(Exercise material):
• • • •
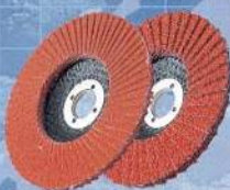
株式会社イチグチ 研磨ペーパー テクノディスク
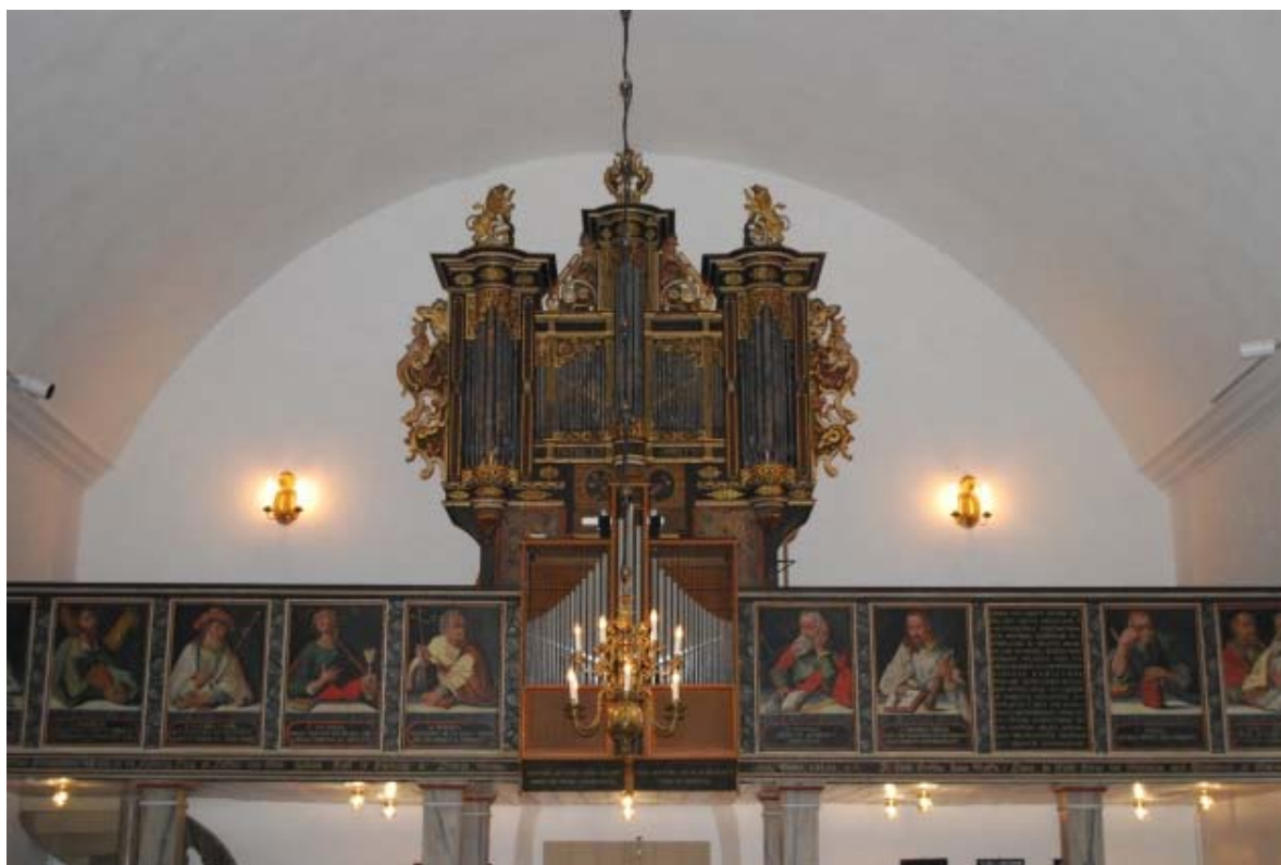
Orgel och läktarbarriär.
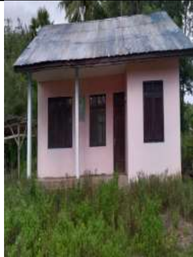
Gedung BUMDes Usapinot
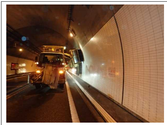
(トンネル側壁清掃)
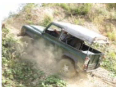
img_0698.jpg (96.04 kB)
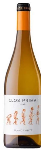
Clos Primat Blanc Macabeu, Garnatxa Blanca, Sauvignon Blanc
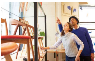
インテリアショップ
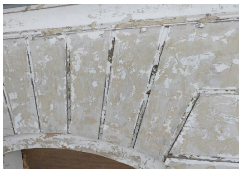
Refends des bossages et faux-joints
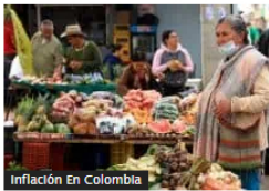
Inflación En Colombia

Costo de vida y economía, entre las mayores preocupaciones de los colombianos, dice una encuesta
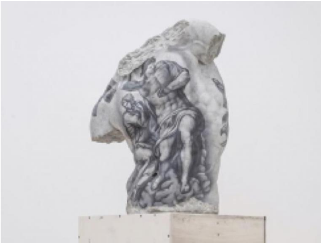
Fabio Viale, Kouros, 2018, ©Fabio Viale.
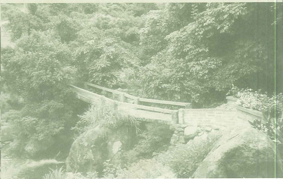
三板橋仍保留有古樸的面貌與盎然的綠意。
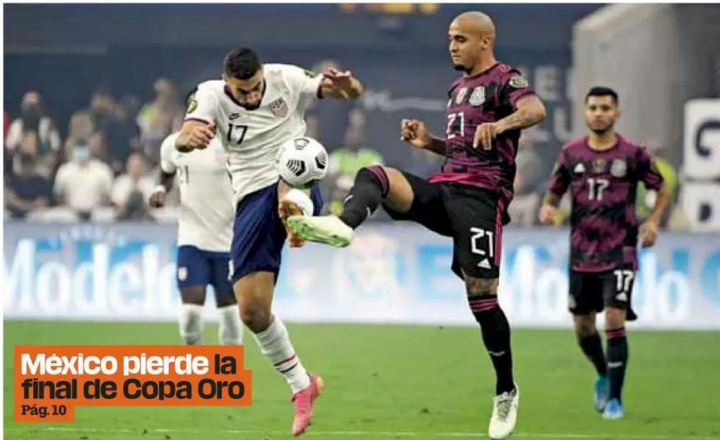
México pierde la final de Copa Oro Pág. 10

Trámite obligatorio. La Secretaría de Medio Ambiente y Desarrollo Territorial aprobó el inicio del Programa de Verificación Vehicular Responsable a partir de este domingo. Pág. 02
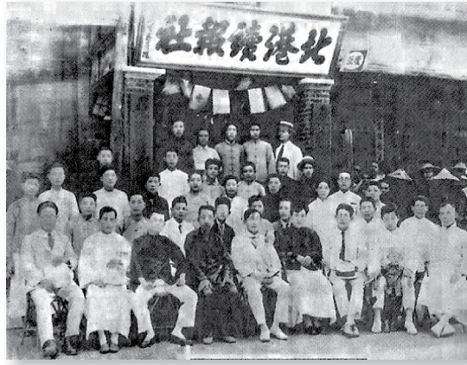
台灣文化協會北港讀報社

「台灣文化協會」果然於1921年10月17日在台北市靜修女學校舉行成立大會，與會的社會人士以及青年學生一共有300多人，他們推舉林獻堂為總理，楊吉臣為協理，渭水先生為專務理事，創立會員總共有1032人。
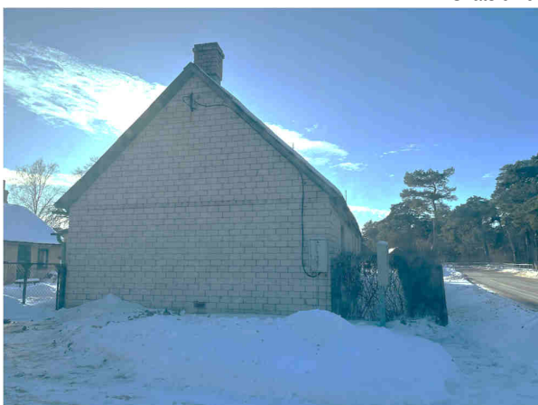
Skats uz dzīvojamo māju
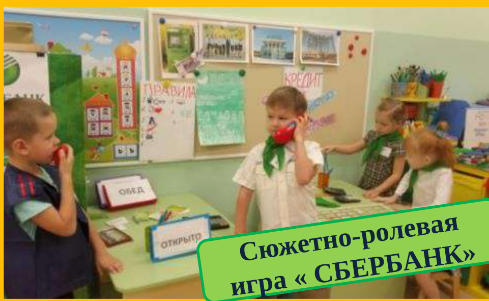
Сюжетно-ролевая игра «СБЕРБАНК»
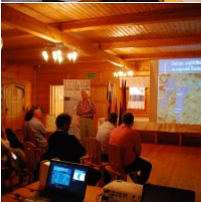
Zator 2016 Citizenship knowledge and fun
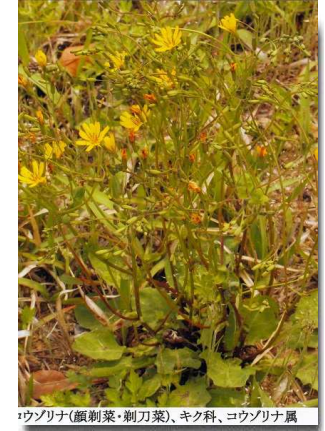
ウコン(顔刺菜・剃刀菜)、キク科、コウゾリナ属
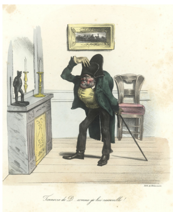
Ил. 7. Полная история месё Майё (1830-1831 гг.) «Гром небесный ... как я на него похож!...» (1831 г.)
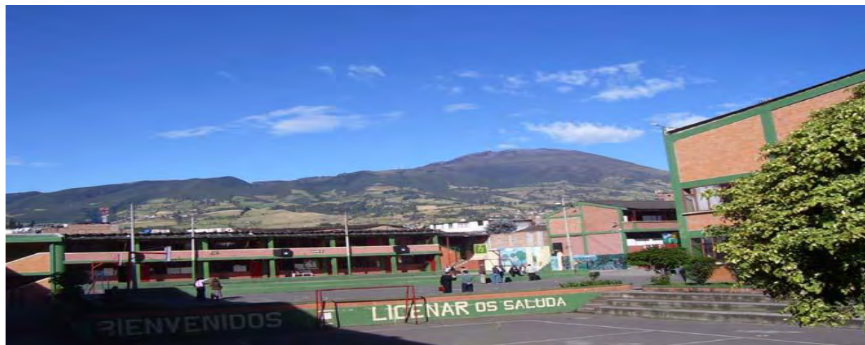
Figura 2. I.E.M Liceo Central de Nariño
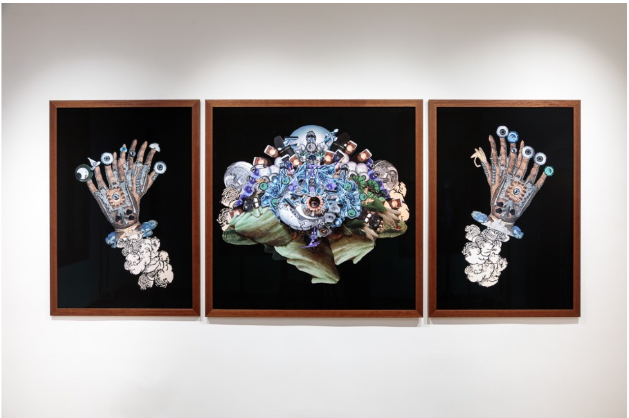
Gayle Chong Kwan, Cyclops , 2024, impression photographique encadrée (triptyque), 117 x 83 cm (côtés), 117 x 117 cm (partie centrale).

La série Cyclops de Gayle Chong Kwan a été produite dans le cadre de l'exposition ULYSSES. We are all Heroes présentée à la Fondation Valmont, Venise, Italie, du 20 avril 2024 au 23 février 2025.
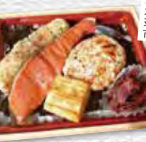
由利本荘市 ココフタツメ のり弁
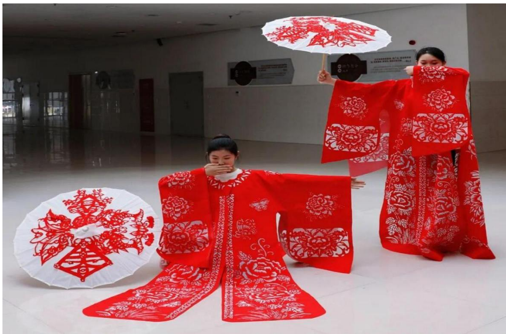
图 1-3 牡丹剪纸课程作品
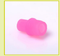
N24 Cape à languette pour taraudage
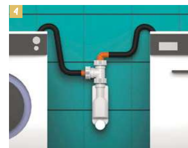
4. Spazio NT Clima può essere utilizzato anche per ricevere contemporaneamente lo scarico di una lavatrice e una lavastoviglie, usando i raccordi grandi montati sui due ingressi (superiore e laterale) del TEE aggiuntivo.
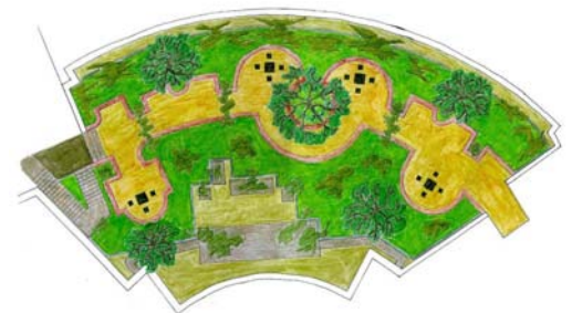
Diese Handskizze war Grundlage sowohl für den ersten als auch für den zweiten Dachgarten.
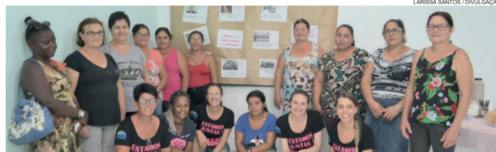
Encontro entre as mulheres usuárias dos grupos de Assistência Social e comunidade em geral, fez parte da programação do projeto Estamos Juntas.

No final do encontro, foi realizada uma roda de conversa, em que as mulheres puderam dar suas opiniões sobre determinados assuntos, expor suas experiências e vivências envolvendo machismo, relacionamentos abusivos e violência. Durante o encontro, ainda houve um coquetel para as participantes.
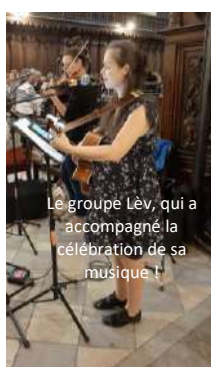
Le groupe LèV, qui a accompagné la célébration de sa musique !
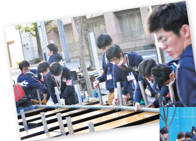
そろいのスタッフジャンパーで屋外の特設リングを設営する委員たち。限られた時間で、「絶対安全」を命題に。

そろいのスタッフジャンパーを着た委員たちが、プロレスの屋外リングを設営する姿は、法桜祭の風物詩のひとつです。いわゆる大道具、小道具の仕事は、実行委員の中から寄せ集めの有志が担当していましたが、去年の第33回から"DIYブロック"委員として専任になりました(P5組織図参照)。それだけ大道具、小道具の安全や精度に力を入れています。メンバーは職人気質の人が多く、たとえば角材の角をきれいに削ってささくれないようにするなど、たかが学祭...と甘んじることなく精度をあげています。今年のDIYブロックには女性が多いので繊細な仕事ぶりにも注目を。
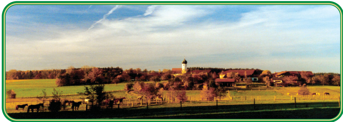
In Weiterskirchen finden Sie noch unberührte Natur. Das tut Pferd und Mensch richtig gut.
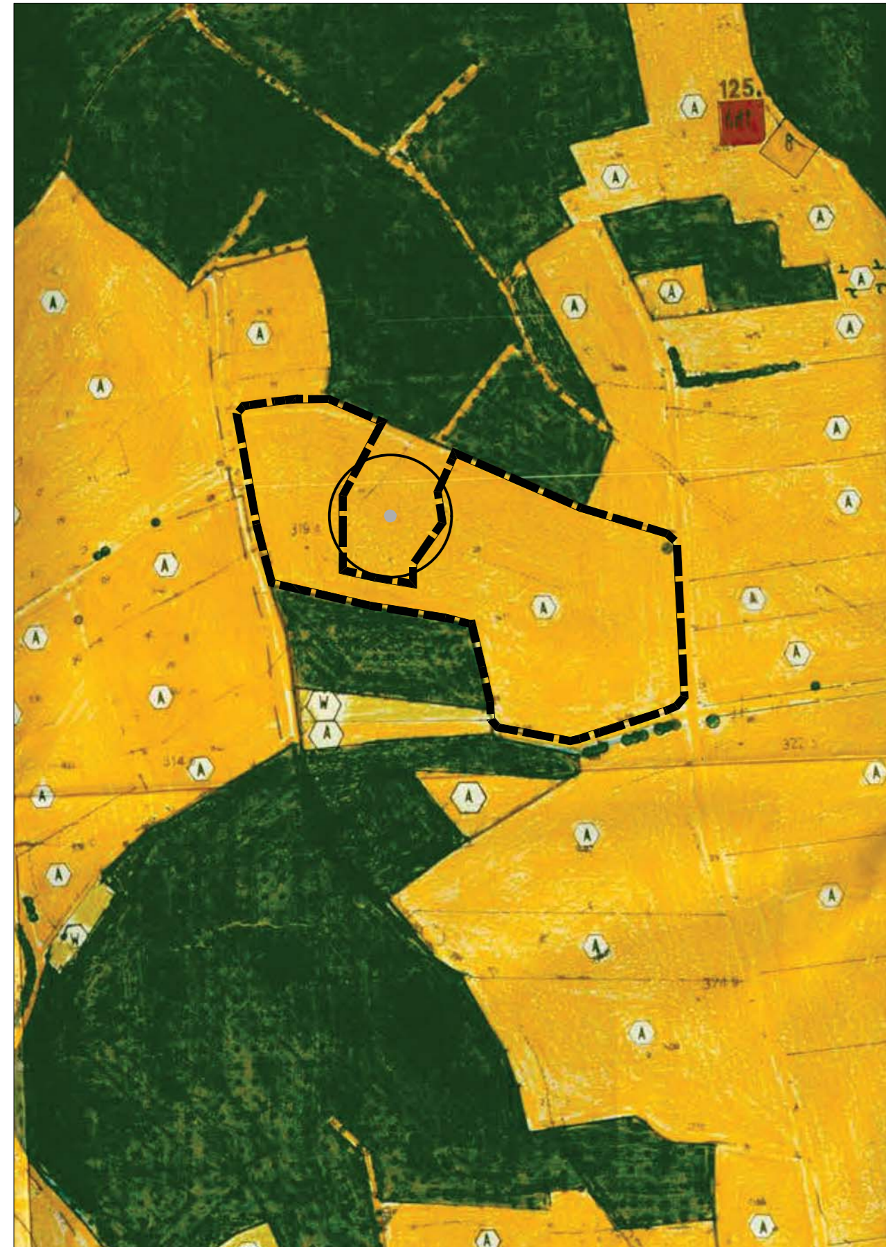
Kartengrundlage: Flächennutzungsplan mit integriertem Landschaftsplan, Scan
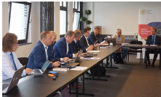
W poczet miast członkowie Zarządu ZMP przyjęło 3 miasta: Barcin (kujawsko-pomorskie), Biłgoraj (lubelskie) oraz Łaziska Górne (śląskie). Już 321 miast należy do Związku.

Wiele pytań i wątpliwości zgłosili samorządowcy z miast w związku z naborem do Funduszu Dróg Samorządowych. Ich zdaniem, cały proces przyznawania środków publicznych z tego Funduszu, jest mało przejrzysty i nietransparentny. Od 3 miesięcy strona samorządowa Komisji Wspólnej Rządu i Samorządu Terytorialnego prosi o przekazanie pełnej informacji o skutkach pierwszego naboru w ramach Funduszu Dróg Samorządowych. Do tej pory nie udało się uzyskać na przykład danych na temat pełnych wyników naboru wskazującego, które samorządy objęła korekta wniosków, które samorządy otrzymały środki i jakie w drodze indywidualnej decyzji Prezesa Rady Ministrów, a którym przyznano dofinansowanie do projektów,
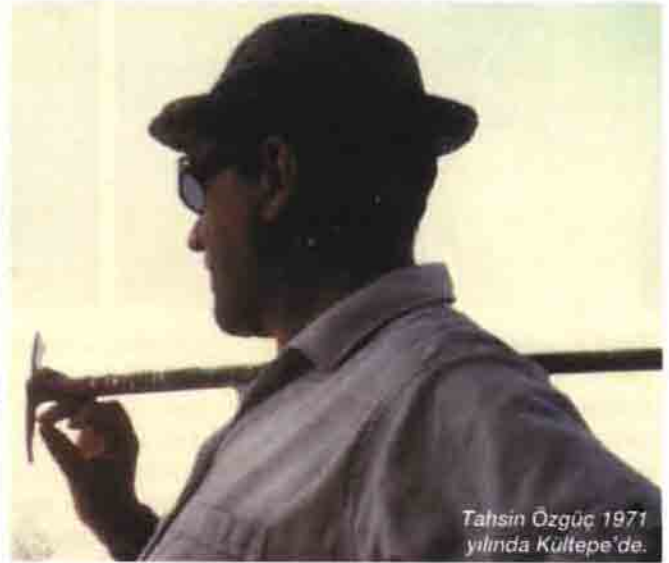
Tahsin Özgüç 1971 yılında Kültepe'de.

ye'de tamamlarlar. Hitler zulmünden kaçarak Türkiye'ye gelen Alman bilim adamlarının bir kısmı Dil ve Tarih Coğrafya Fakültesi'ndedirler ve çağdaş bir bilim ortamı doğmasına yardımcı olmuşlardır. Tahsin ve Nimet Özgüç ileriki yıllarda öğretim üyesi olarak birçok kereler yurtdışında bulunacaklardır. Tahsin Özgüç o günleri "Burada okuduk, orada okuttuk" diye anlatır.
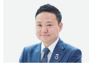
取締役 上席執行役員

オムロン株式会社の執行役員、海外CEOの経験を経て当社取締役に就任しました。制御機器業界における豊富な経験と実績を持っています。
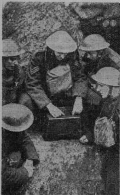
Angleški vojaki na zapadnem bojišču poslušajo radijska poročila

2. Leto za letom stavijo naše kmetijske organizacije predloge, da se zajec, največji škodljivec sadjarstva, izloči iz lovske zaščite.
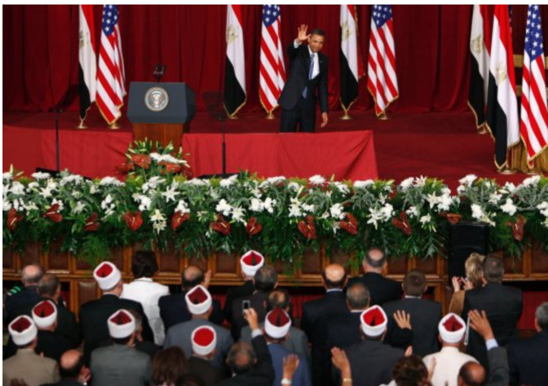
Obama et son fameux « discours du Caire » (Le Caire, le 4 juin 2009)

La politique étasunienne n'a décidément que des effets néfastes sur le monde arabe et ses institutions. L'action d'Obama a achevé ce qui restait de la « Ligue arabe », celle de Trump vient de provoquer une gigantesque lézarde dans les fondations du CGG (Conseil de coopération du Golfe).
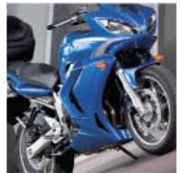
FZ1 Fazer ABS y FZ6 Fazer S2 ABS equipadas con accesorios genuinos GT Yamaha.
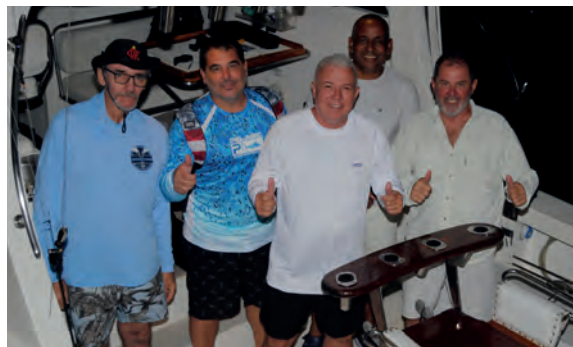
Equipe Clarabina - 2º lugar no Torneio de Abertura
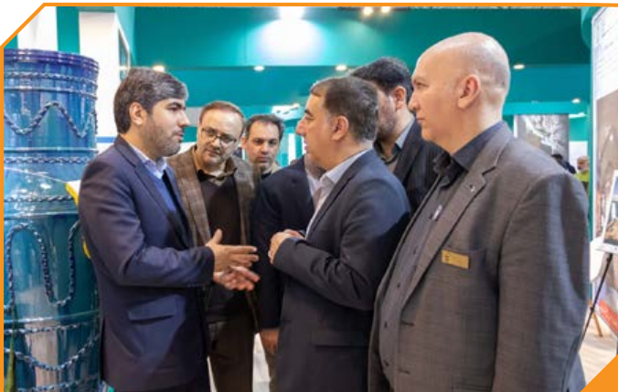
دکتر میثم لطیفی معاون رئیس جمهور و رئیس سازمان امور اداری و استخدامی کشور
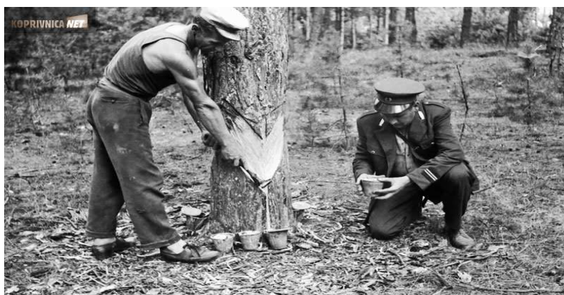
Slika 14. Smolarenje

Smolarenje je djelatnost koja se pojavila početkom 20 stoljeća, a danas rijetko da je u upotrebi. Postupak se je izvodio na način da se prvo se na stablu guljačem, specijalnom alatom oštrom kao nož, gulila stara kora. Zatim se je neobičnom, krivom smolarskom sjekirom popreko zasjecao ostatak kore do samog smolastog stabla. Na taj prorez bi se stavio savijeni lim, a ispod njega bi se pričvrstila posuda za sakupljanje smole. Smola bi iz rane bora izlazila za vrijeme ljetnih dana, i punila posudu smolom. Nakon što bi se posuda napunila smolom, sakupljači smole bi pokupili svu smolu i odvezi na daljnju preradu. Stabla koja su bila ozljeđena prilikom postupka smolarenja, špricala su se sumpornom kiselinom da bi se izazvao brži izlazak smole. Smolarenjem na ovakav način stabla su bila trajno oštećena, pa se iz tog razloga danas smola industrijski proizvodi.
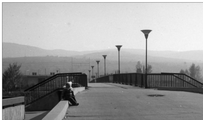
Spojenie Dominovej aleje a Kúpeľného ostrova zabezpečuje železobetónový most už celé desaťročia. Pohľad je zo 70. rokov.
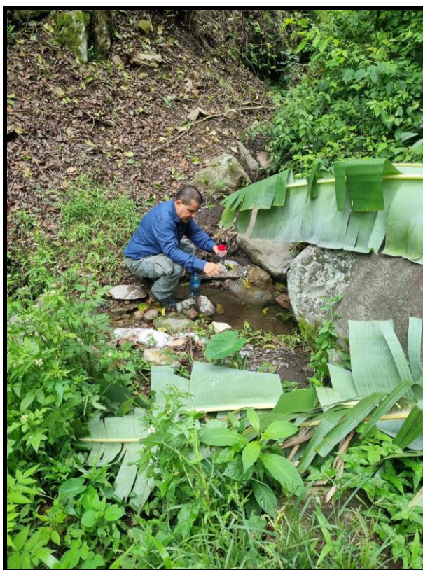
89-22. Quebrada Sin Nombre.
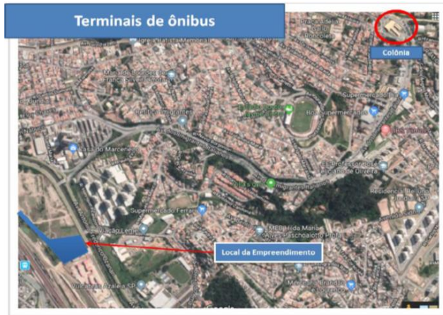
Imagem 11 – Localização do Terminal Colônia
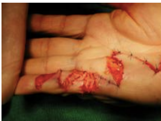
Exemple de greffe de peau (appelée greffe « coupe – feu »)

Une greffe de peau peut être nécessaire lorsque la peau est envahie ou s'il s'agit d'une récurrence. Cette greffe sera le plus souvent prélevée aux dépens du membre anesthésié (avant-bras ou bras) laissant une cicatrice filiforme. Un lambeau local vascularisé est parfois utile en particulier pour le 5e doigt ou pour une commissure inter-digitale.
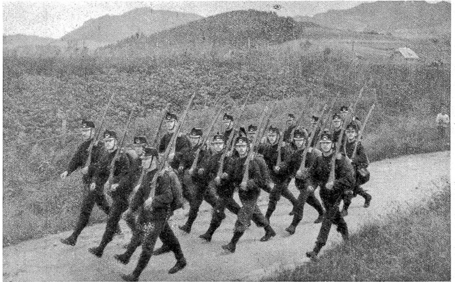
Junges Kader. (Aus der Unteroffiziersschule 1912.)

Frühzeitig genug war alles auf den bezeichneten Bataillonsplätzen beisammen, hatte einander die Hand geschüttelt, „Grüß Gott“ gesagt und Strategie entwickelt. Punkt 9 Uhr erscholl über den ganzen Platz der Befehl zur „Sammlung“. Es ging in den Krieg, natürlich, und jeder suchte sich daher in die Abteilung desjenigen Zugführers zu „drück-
• • • •
(What the exercise asks): Pictures do not belong in the answer. Return the lines above starting at the one with "La politique étasunienne" and ending at the one with "Slika 14. Smolarenje", both kept, exactly.

(Your response):
La politique étasunienne n'a décidément que des effets néfastes sur le monde arabe et ses institutions. L'action d'Obama a achevé ce qui restait de la « Ligue arabe », celle de Trump vient de provoquer une gigantesque lézarde dans les fondations du CGG (Conseil de coopération du Golfe).
FZ1 Fazer ABS y FZ6 Fazer S2 ABS equipadas con accesorios genuinos GT Yamaha.
Equipe Clarabina - 2º lugar no Torneio de Abertura
دکتر میثم لطیفی معاون رئیس جمهور و رئیس سازمان امور اداری و استخدامی کشور
Slika 14. Smolarenje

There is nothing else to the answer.